5 min read 

 In 2021, conversations about mental health are more and more common and taking care of your mental state is becoming just as important as caring for your physical well-being. It is hard to argue that an attentive approach to mental health is extremely beneficial, and not just for the individual, but the whole society. Is it the same in trading? Why does it matter to improve your trading psychology?

Advancing your trading psychology is one of the key tasks when it comes to dealing in trading markets. Working on one’s trading psychology includes managing emotions, improving attentiveness and focusing on market analysis.

Recognize emotional trading

A stark example of emotions affecting one’s trading is when traders switch from the practice account to their real balance. It often happens that after switching traders find that their strategy all of a sudden becomes useless: it simply doesn’t work anymore, no matter how much they try. The two balances are identical and work the same way, so what is the reason for such a sudden change? The answer is simple: unstable trading psychology and susceptibility to emotions. 

When traders use their own hard-earned money, all the feelings are amplified. This makes it much harder to make balanced decisions, like traders do on the practice account. Good results bring positive feelings, a sense of content and drive. At the same time, negative outcomes often result in feelings of despair, frustration and the desire to take revenge. Strong emotions like this act as a catalyst, they cause an adrenaline rush which often leads to careless trading — larger investments, lack of trading limits, neglect of the risk management principles.

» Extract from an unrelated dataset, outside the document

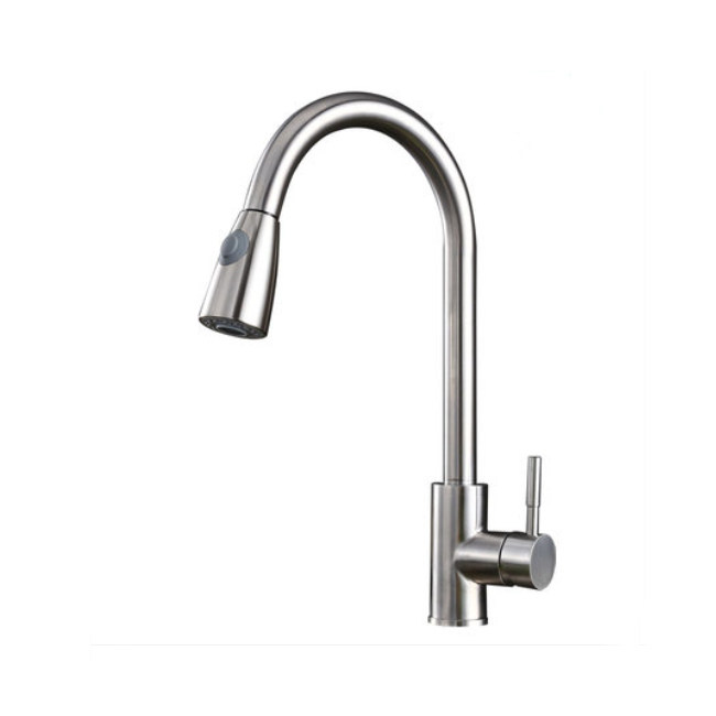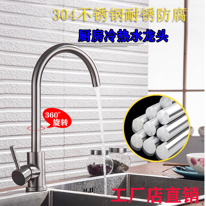 304 stainless steel pull-out cold and hot water faucet household kitchen vegetable basin basin dual-use high-bend splash-proof 360 rotation

This is why many experienced traders prefer taking a break between their deals. Overtrading is never a good idea, since it wears you out and causes emotional rather than rational responses. Improving your trading psychology means being resilient to emotional responses.

Focus your attention

To improve one’s trading psychology, it is necessary to work on the attention to details. Missing an important part of your trading plan may mean losing extra funds because of an unfortunate mistake. To boost your attention, dedicate specific time to trading and stick to the routine. Write down the important specifications and double check your trading journal before executing a deal.

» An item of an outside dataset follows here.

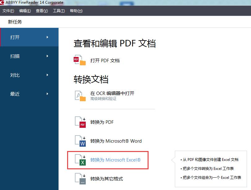 1.打开FineReader 14软件,单击“打开”选项卡,然后单击“转换为Micsoft Excel”。

Attention also means reflection — reflect on your results, regardless of what they are. Think about why the result was like that and what you could change to enhance it. Learning from your own mistakes and successes is beneficial, since it helps you understand yourself better.

Prioritize market analysis

Good trading decisions cannot be based on intuition, they have to be based on good assessment of the economic conditions. While some famous investors believe that personal preferences in trading assets are acceptable if a trader has specific knowledge of the industry, any choice of an asset has to be confirmed with technical and fundamental analysis.

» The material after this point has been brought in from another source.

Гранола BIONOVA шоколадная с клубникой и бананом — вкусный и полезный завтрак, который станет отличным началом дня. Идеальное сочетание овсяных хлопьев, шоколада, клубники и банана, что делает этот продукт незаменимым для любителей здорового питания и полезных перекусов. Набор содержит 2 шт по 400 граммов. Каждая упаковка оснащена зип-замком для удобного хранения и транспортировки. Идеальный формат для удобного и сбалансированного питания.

A well-balanced trading approach is one that considers analysis indications and includes different types of chart assessment before making an investment decision. Improving your trading psychology means being ready to spend time on analysis and implement your findings in practice. 

Working on your trading psychology is crucial if you are aiming to become a better trader and upgrade your results. Just like the physical aspect of trading — executing the deals, the psychological aspect of it is just as important, if not more.